What the exercise asks: Transcribe only the lines from the one containing "Las cifras del" through the final line of the entries below, exactly, and exclude the pictures.

Records from a data collection
#####

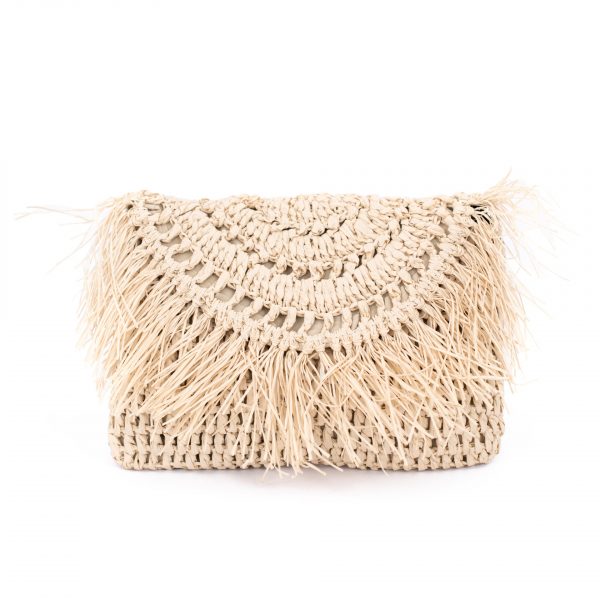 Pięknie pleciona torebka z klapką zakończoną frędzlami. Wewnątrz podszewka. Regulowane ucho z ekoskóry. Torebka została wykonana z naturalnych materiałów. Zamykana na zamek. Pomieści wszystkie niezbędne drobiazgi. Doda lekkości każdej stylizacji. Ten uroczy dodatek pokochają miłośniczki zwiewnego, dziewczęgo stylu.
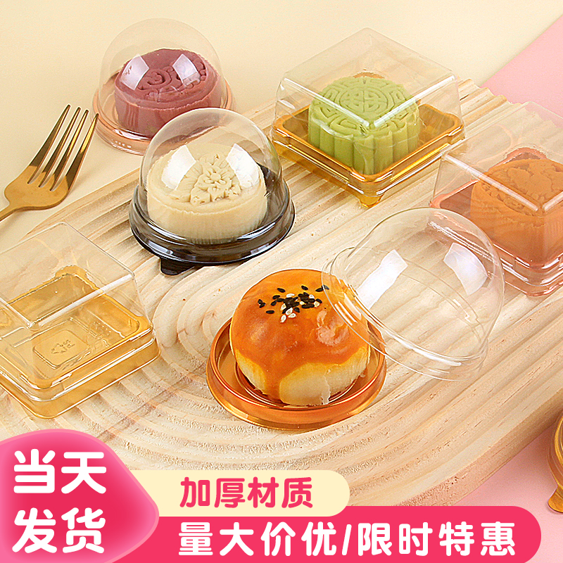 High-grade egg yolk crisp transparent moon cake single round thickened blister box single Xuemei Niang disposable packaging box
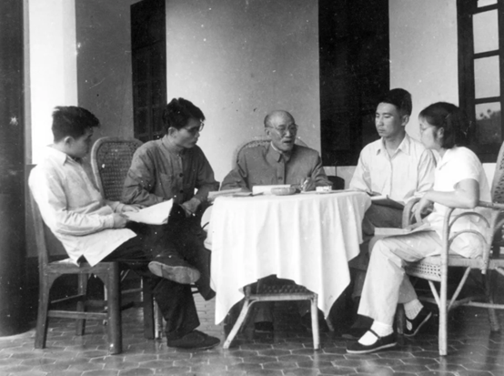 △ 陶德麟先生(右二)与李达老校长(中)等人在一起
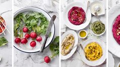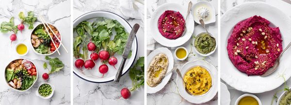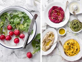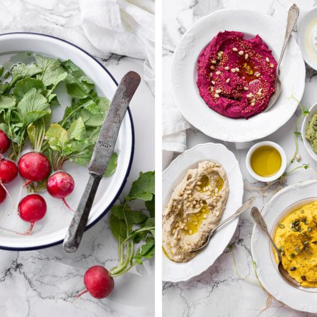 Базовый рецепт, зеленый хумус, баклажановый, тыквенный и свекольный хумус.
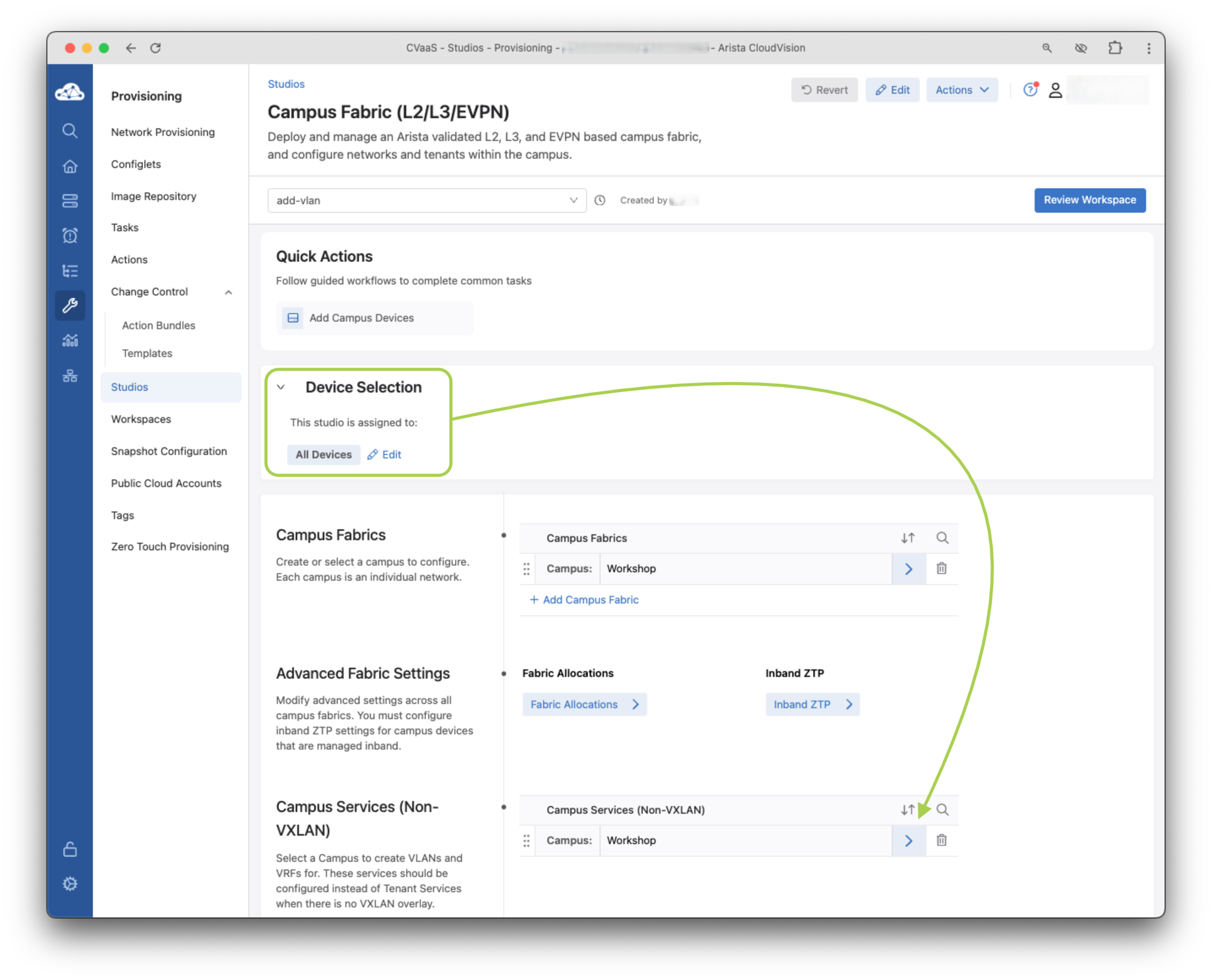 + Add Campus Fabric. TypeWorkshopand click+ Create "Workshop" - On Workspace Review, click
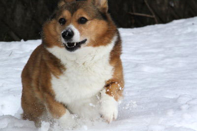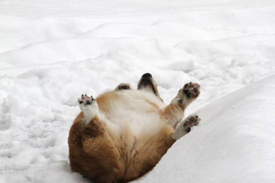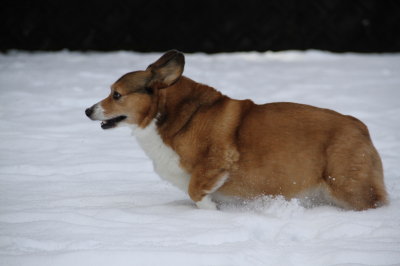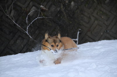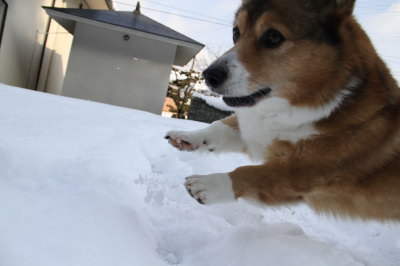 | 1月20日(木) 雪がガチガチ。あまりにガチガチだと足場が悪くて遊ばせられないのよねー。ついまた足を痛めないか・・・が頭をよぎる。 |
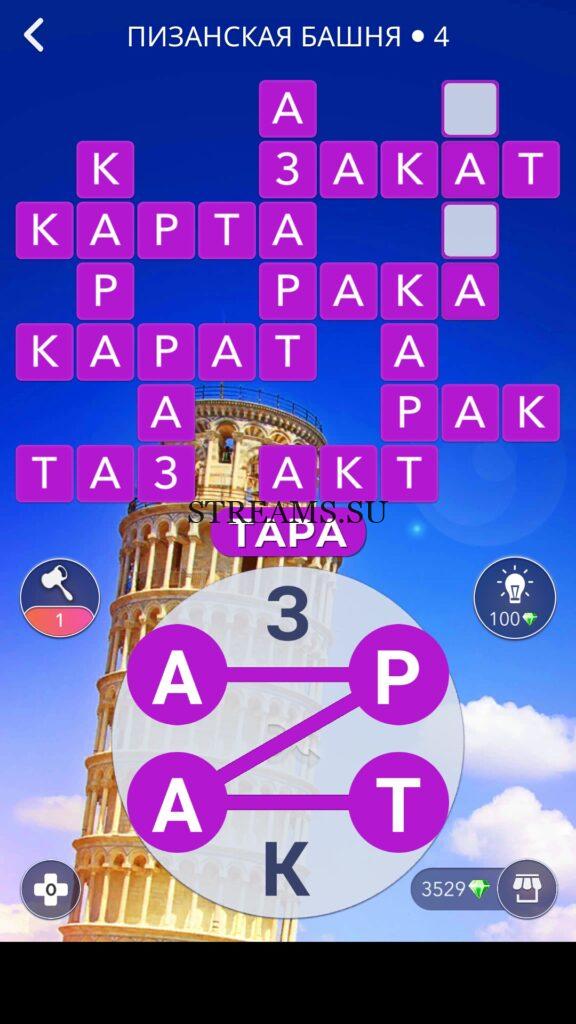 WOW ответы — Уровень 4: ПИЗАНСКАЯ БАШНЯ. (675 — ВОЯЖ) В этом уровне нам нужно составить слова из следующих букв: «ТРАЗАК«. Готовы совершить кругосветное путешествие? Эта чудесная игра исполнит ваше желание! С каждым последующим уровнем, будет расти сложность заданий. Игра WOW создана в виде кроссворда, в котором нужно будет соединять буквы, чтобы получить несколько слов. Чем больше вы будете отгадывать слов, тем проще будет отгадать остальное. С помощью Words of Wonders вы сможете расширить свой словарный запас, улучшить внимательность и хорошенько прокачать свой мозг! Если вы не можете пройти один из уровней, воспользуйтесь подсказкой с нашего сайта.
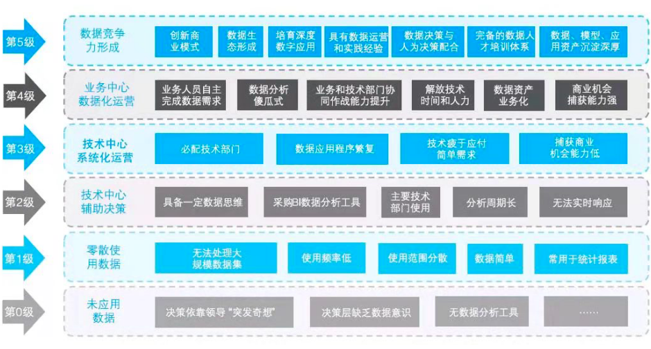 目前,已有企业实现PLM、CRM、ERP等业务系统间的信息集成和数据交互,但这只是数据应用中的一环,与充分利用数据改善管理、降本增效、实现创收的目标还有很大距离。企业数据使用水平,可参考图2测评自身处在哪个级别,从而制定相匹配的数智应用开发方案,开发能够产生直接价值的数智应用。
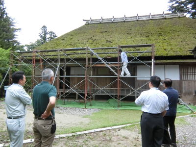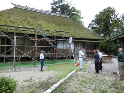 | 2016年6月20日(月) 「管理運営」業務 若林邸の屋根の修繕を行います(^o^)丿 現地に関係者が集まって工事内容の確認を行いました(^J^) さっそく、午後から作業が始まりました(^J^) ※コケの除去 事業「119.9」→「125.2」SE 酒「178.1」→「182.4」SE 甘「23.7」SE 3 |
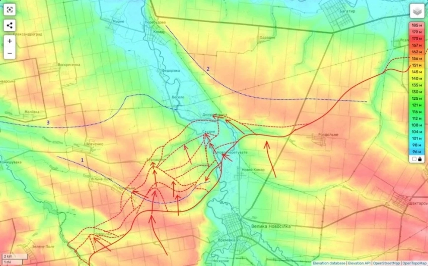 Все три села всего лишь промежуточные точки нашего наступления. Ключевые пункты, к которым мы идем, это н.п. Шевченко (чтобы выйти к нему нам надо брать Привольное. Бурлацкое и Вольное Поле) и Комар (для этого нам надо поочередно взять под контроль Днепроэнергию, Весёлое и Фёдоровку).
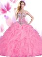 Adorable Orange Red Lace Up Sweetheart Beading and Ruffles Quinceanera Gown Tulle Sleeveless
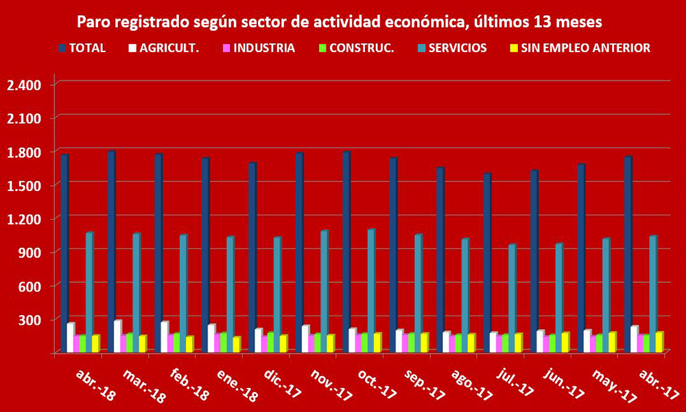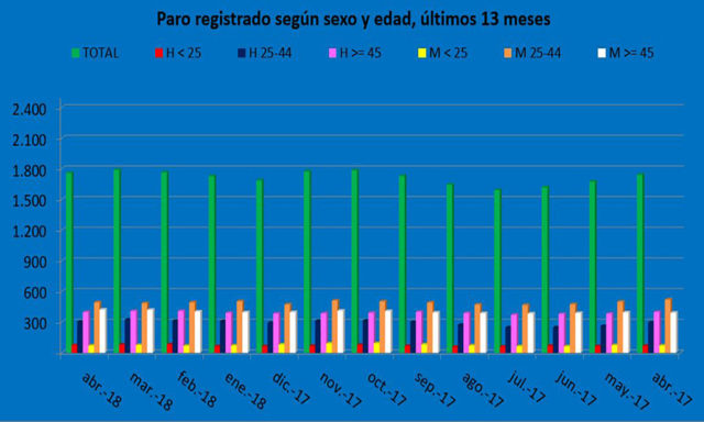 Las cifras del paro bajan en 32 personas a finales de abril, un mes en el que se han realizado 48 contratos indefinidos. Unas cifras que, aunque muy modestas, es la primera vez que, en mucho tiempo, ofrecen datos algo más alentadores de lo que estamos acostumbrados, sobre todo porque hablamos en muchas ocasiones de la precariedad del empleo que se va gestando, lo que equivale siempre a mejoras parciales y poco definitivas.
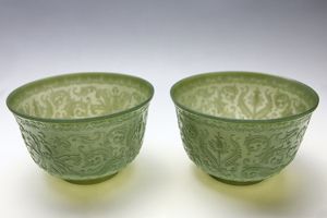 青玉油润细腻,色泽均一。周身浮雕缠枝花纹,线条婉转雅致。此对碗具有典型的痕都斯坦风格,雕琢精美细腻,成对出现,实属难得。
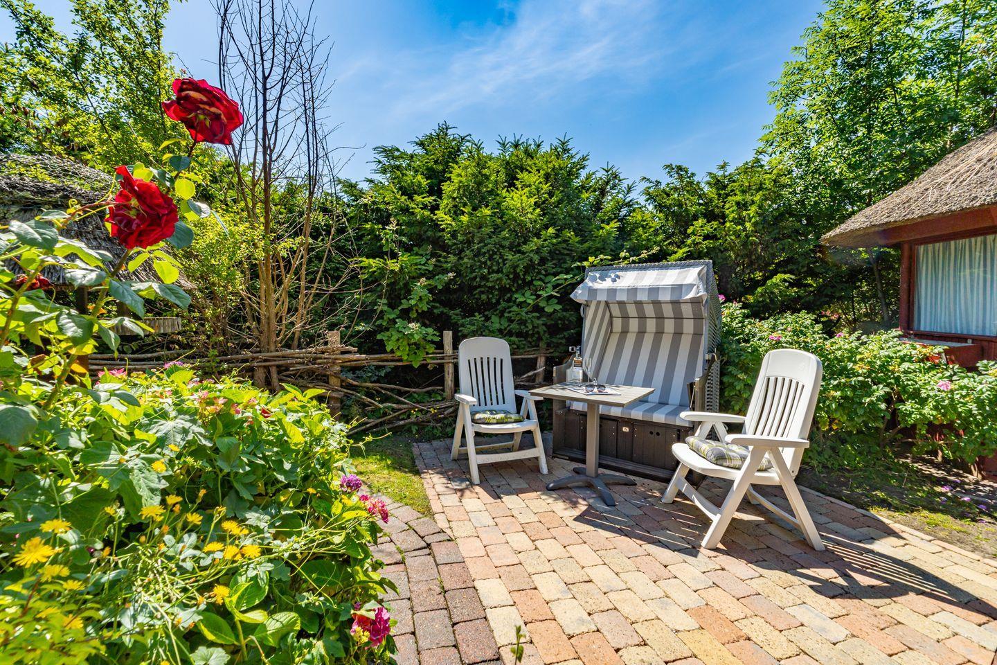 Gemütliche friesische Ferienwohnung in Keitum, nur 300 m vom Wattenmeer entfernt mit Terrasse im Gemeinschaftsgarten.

#####

Finished exercise:
 Las cifras del paro bajan en 32 personas a finales de abril, un mes en el que se han realizado 48 contratos indefinidos. Unas cifras que, aunque muy modestas, es la primera vez que, en mucho tiempo, ofrecen datos algo más alentadores de lo que estamos acostumbrados, sobre todo porque hablamos en muchas ocasiones de la precariedad del empleo que se va gestando, lo que equivale siempre a mejoras parciales y poco definitivas.
 青玉油润细腻,色泽均一。周身浮雕缠枝花纹,线条婉转雅致。此对碗具有典型的痕都斯坦风格,雕琢精美细腻,成对出现,实属难得。
 Gemütliche friesische Ferienwohnung in Keitum, nur 300 m vom Wattenmeer entfernt mit Terrasse im Gemeinschaftsgarten.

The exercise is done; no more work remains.